As chamber musician he was a member of the Beethoven String Quartet, the Scarlatti Piano Quartet and Arizcuren String Trio. With these ensembles, he performed at many festivals and halls such as the Schleswig Holstein Festival in Germany, Ravinia Festival in Chicago, Thy Music Festival in Denmark, Palos Verdes Festival in California, Holland Music Sessions and Taos Music Festival in New Mexico.

In 2015 he made his US orchestral debut with Fort Worth Symphony under Miguel Harth-Bedoya. In 2016, he made his debut with the London Philharmonic Orchestra under Vladimir Jurowski and returned to the Orchesta Nacional de España to work with Krzysztof Penderecki. In Spain, Adolfo Gutiérrez Arenas regularly performs with orchestras like Bilbao Orkestra Sinfonikoa, Orquesta Sinfónica del Principado de Asturias and Orquesta Filarmónica de Málaga.

He gave his German orchestral debut with the Magdeburg Philharmonic under Kimbo Ishii in April 2018. He there played Édouard Lalo's Cello Concerto.

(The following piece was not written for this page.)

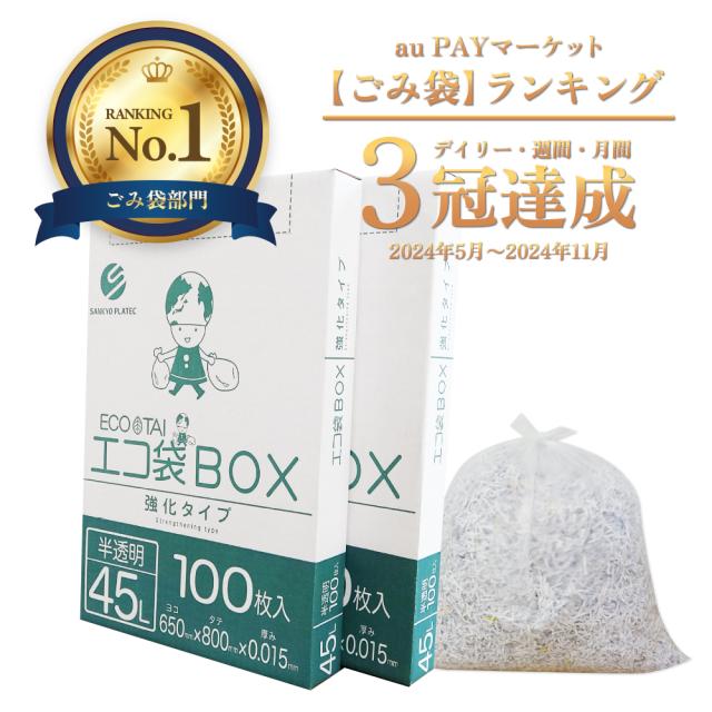 ゴミ袋 45リットル 箱タイプ 薄手 半透明 65x80cm 0.015mm厚 100枚x2小箱 BX-530-2kobako ポリ袋 ビニール袋 45l 箱型 収納 セット販売 送料無料 サンキョウプラテック

Adolfo Gutiérrez Arenas plays a Francesco Ruggeri, that was handcrafted in Cremona in 1673.

== Discography ==

- J.S. Bach: The Cello Suites (2008). Suites for solo cello BWV 1007–1012. Adolfo Gutiérrez Arenas. Published by Verso.
- Barber, Rachmaninov, Piazzolla (2013). Cello works. Luis Fernando Pérez (piano) and Adolfo Gutiérrez (violoncello). Published by Verso.
- Beethoven: The Cello Sonatas (2016). Adolfo Gutiérrez Arenas (cello) and Christopher Park (piano). Published by Sole Recordings.
- Dvořák: Cello Works (2019). Magdeburg Philharmonic, Adolfo G. Arenas (violoncello), Kimbo Ishii (conductor). Published by IBS Classical.